Task to carry out – From the line containing "8点10分,坪高20个毕业班" through the end of the material below, output each line exactly as written, with pictures excluded.

§

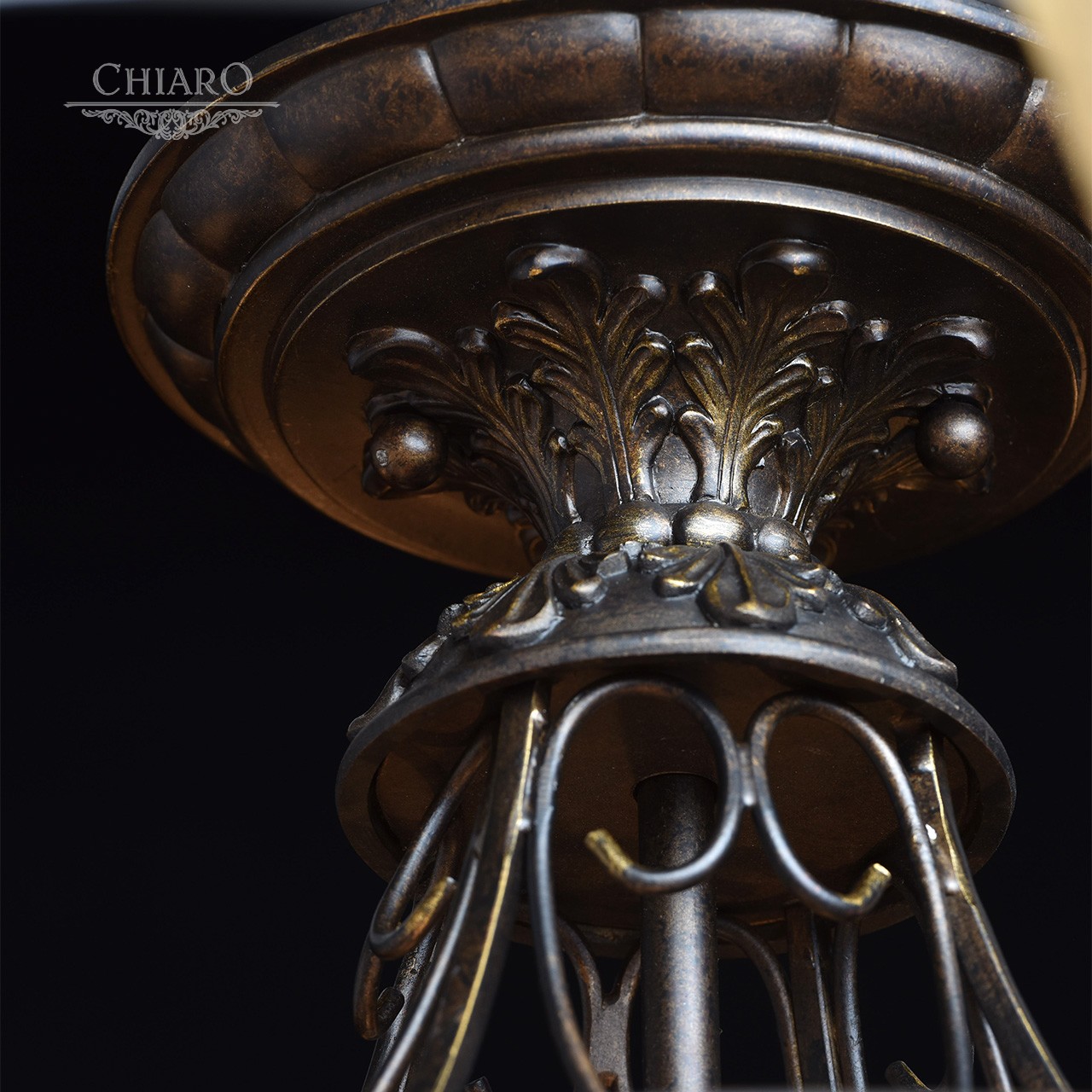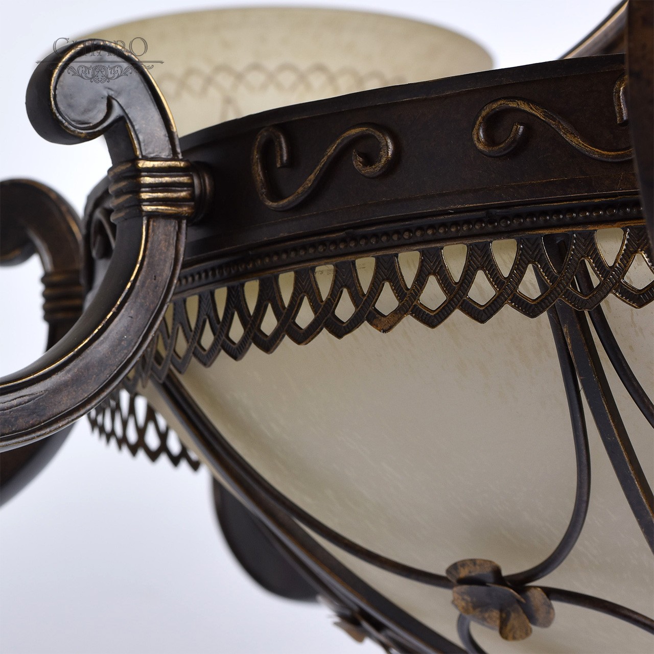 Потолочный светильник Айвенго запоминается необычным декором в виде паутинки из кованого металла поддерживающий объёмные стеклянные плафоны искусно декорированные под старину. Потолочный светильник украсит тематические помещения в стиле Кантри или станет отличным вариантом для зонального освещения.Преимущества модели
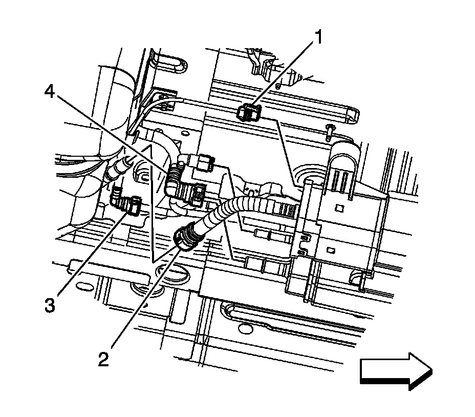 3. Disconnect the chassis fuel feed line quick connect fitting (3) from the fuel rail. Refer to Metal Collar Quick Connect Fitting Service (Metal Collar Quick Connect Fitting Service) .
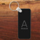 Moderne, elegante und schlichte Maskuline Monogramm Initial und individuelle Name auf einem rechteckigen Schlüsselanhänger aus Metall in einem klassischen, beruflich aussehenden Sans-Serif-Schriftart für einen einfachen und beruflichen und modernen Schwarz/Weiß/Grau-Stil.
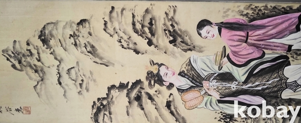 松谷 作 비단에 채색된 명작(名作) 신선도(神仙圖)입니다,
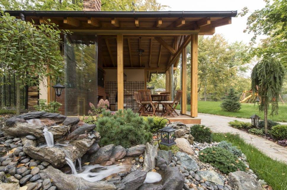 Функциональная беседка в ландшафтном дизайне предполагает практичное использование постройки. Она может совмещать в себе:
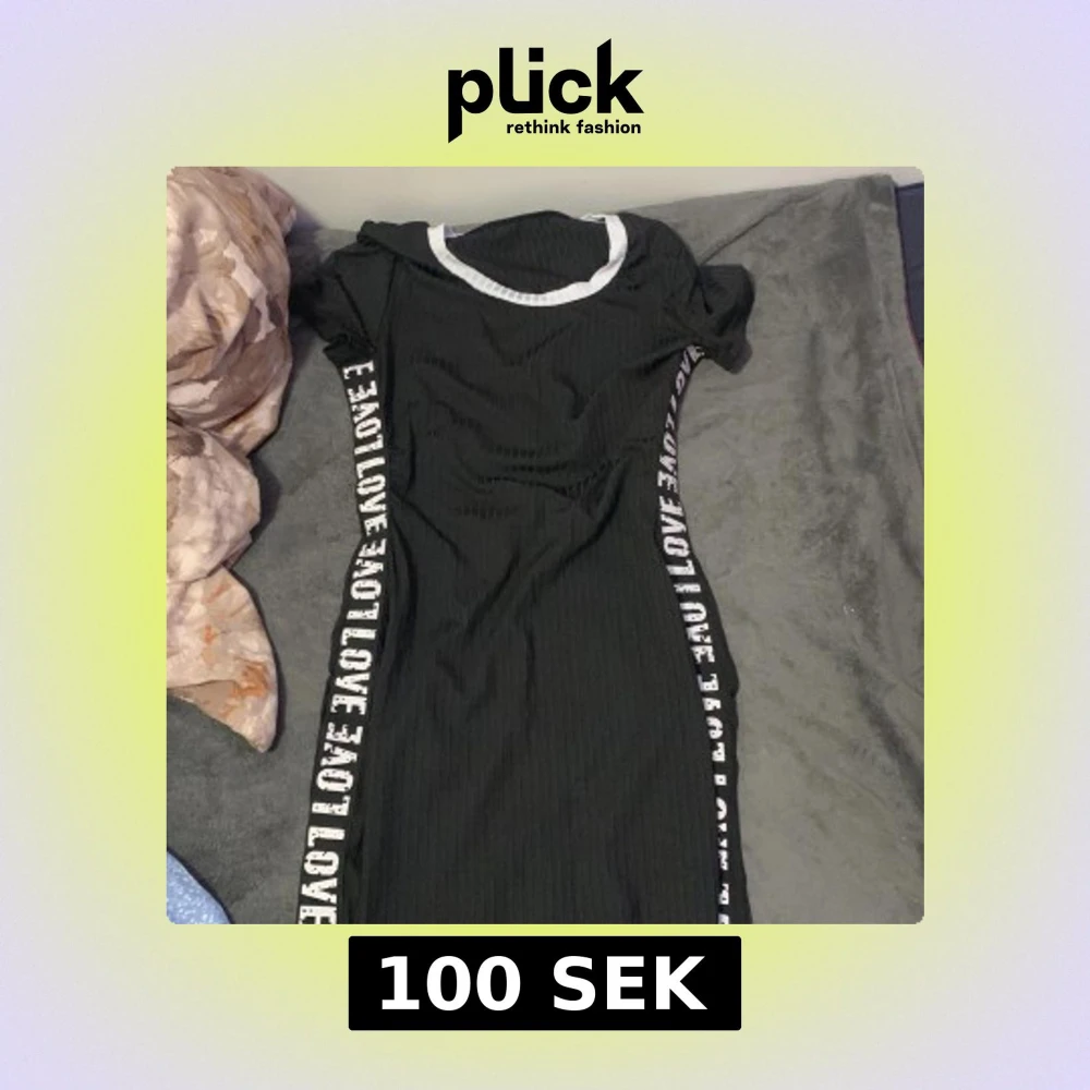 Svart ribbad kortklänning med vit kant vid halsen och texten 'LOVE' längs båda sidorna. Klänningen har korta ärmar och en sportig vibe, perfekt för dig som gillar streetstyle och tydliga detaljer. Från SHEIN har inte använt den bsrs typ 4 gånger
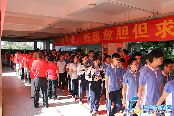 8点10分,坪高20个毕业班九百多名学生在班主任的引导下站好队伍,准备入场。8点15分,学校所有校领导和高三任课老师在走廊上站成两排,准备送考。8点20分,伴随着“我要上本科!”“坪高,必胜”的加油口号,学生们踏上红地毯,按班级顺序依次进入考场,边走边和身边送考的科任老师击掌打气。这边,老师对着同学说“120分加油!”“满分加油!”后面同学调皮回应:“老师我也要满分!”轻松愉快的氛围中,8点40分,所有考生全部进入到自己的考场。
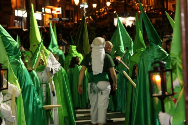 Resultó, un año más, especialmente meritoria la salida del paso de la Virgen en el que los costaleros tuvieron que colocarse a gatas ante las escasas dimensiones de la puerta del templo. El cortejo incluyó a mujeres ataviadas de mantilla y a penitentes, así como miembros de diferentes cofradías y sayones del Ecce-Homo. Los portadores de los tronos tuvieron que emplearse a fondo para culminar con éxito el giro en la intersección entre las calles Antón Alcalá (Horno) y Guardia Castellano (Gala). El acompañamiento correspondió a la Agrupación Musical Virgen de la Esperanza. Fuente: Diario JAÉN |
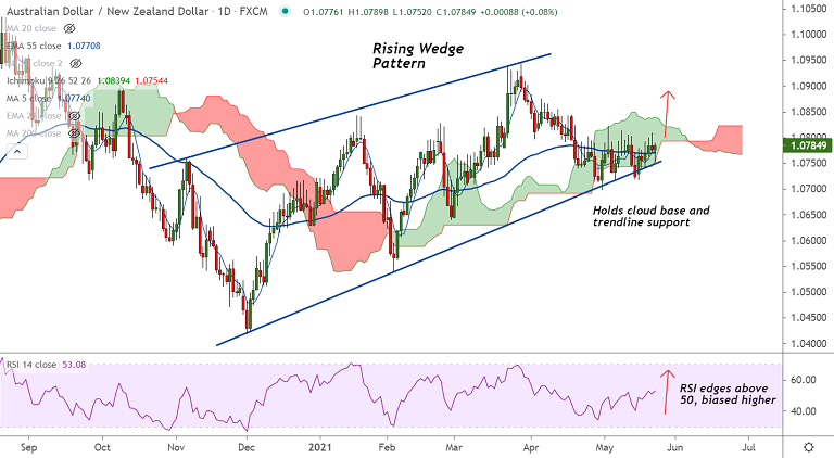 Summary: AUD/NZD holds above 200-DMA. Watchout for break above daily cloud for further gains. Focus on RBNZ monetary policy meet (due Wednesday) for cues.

§

Your solution –
 8点10分,坪高20个毕业班九百多名学生在班主任的引导下站好队伍,准备入场。8点15分,学校所有校领导和高三任课老师在走廊上站成两排,准备送考。8点20分,伴随着“我要上本科!”“坪高,必胜”的加油口号,学生们踏上红地毯,按班级顺序依次进入考场,边走边和身边送考的科任老师击掌打气。这边,老师对着同学说“120分加油!”“满分加油!”后面同学调皮回应:“老师我也要满分!”轻松愉快的氛围中,8点40分,所有考生全部进入到自己的考场。
 Resultó, un año más, especialmente meritoria la salida del paso de la Virgen en el que los costaleros tuvieron que colocarse a gatas ante las escasas dimensiones de la puerta del templo. El cortejo incluyó a mujeres ataviadas de mantilla y a penitentes, así como miembros de diferentes cofradías y sayones del Ecce-Homo. Los portadores de los tronos tuvieron que emplearse a fondo para culminar con éxito el giro en la intersección entre las calles Antón Alcalá (Horno) y Guardia Castellano (Gala). El acompañamiento correspondió a la Agrupación Musical Virgen de la Esperanza. Fuente: Diario JAÉN |
 Summary: AUD/NZD holds above 200-DMA. Watchout for break above daily cloud for further gains. Focus on RBNZ monetary policy meet (due Wednesday) for cues.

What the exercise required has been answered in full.